Dublin’s Brian Fenton celebrating with manager Jim Gavin after the All–Ireland final replay in Croke Park. Photograph: Oisin Keniry/Inpho
Dublin’s Brian Fenton celebrating with manager Jim Gavin after the All–Ireland final replay in Croke Park. Photograph: Oisin Keniry/Inpho

There is a time and a place for every Dublin footballer to find his peace from all the noise, and Brian Fenton is nearly there. It’s somewhere between another night before and a proper getaway the morning after, and it’s to meet his old man for a pint in the Raheny institution that is The Cedar Lounge.

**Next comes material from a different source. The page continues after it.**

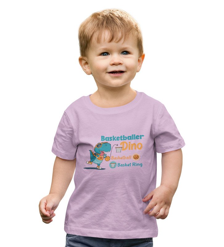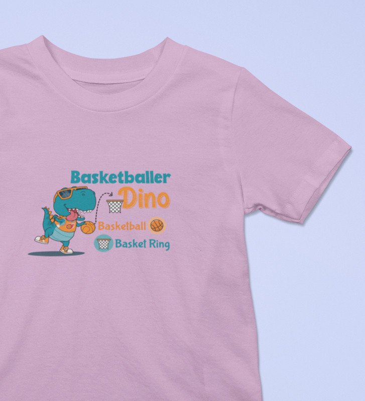 Basketballer Dino, Printed Cotton T-shirt (Purple) for Boys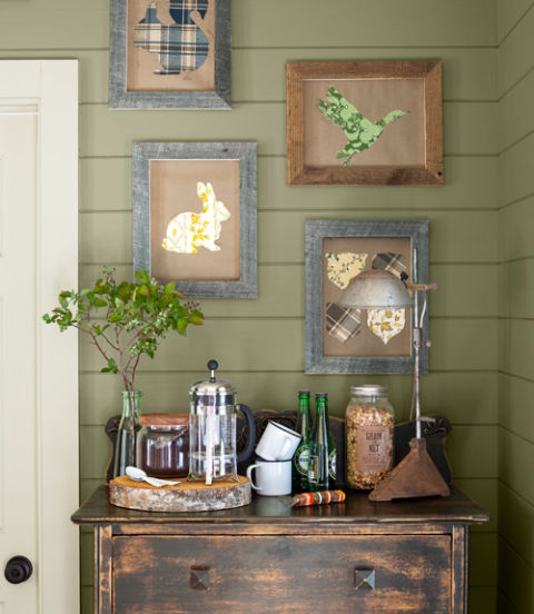 Fabric animal silhouettes in simple frames add whimsy to this wall. Photo source: countryliving

“You’re lucky you caught me,” he says. “I’m off to Spain in the morning, and the last few days have just been, ah, amazing, intense. It’s nice just to sit down, take stock, have a local pint. Brian Howard lives around the corner, he’ll be there with his dad too. Jack McCaffrey might knock in. Something about that. It’s a kind of magic.”

Lucky, magic: Fenton repeatedly echoes those two words in the generous time he gives here, and after taking some stock it’s easy to understand why. For a start he’s still feeling the magic of the night before, when a session broke out in another Dublin institution that is The Lord Edward and sounds very lucky for those who were there.

“Ah, I live for those moments. After last year’s All-Ireland we had a session with Kevin McManamon, who actually lives with Danny O’Reilly, from the Coronas, out in The Dropping Well. Danny’s mam Mary Black was there, and I’d be a huge fan of them in their own right. They showed up, played a few songs, it was just incredible.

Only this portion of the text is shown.